Instructions for the task:
Set down all of the data that follows word for word, without the images.

Raw data:
--- START ---

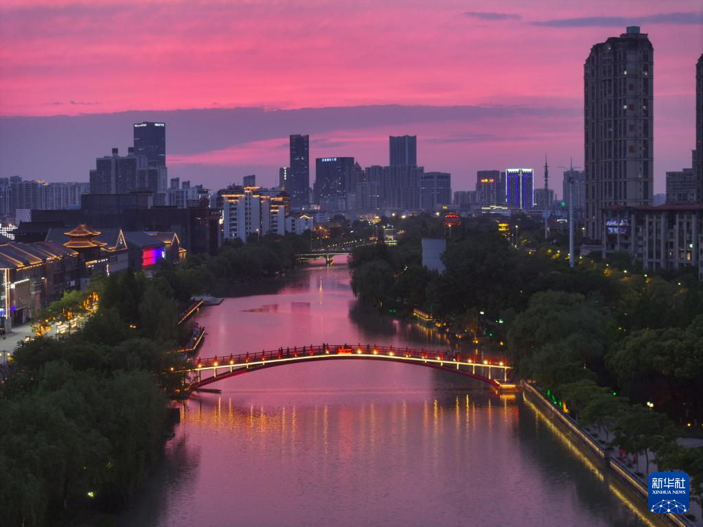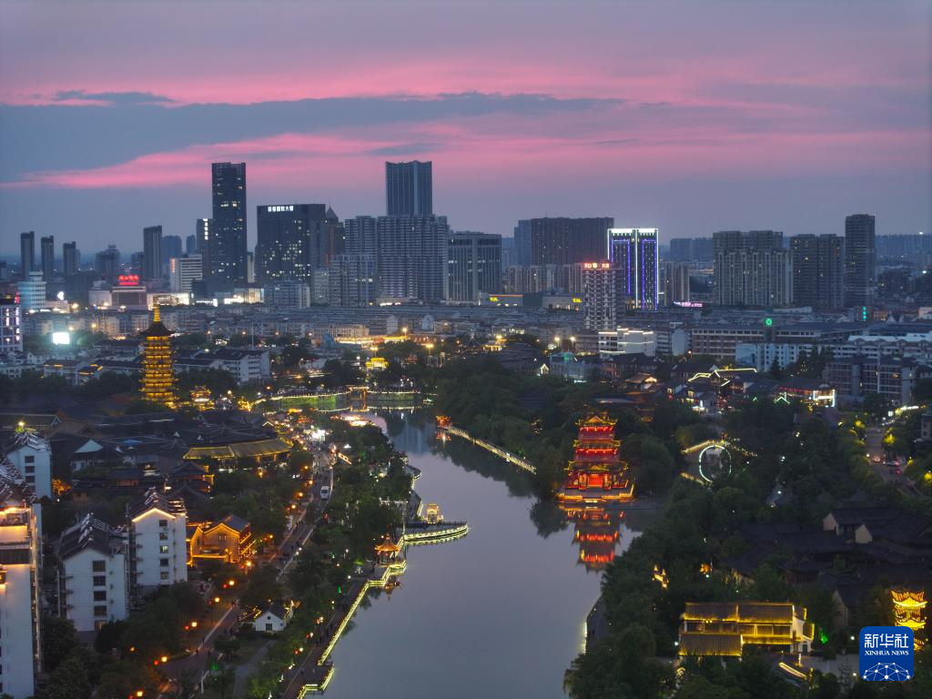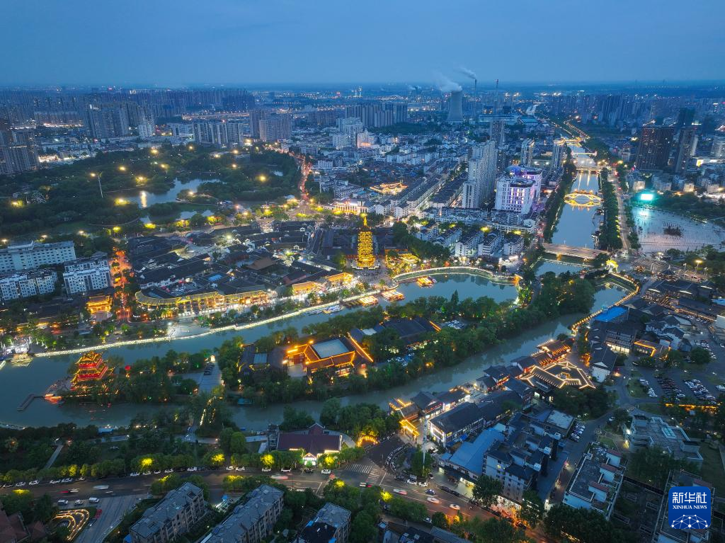 暮色中的淮安里运河文化长廊(5月10日摄,无人机照片)。新华社记者 季春鹏 摄
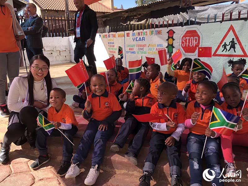 在早教中心的活动课上,志愿者靳心雨看到了童真可爱的孩子和善良又负责任的老师们,现场教孩子们画两国的国旗,当孩子们涂上色彩展示给大家看的那一刻,心雨觉得很感动,“我心中很是激动,看到祖国的国旗与南非的国旗在孩子们手中快乐的被挥舞着,便为自己所做的这些感到开心和骄傲。”当时有个孩子用英语对她说“老师,我想和你一起走,我想和你去中国。”那一刻,心雨感受到的是满满的信任和友爱,她感慨道,“那一刻,那个孩子真的很想去中国看一看,而我们也真的在努力让他们了解更多、更真实的中国,让他们可以更喜爱中国,这就是我们远离祖国奔赴这里的意义和价值所在。”
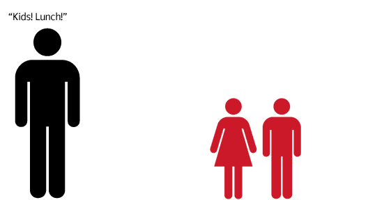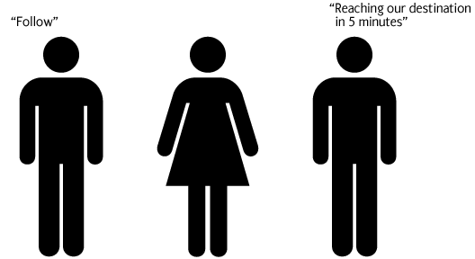 The easiest way to illustrate the principle of proximity is by using distance between people. Here a lady stands between two gents, and you cant say for sure which of them is closer to her: |

--- END ---

Your solution:
 暮色中的淮安里运河文化长廊(5月10日摄,无人机照片)。新华社记者 季春鹏 摄
 在早教中心的活动课上,志愿者靳心雨看到了童真可爱的孩子和善良又负责任的老师们,现场教孩子们画两国的国旗,当孩子们涂上色彩展示给大家看的那一刻,心雨觉得很感动,“我心中很是激动,看到祖国的国旗与南非的国旗在孩子们手中快乐的被挥舞着,便为自己所做的这些感到开心和骄傲。”当时有个孩子用英语对她说“老师,我想和你一起走,我想和你去中国。”那一刻,心雨感受到的是满满的信任和友爱,她感慨道,“那一刻,那个孩子真的很想去中国看一看,而我们也真的在努力让他们了解更多、更真实的中国,让他们可以更喜爱中国,这就是我们远离祖国奔赴这里的意义和价值所在。”
 The easiest way to illustrate the principle of proximity is by using distance between people. Here a lady stands between two gents, and you cant say for sure which of them is closer to her: |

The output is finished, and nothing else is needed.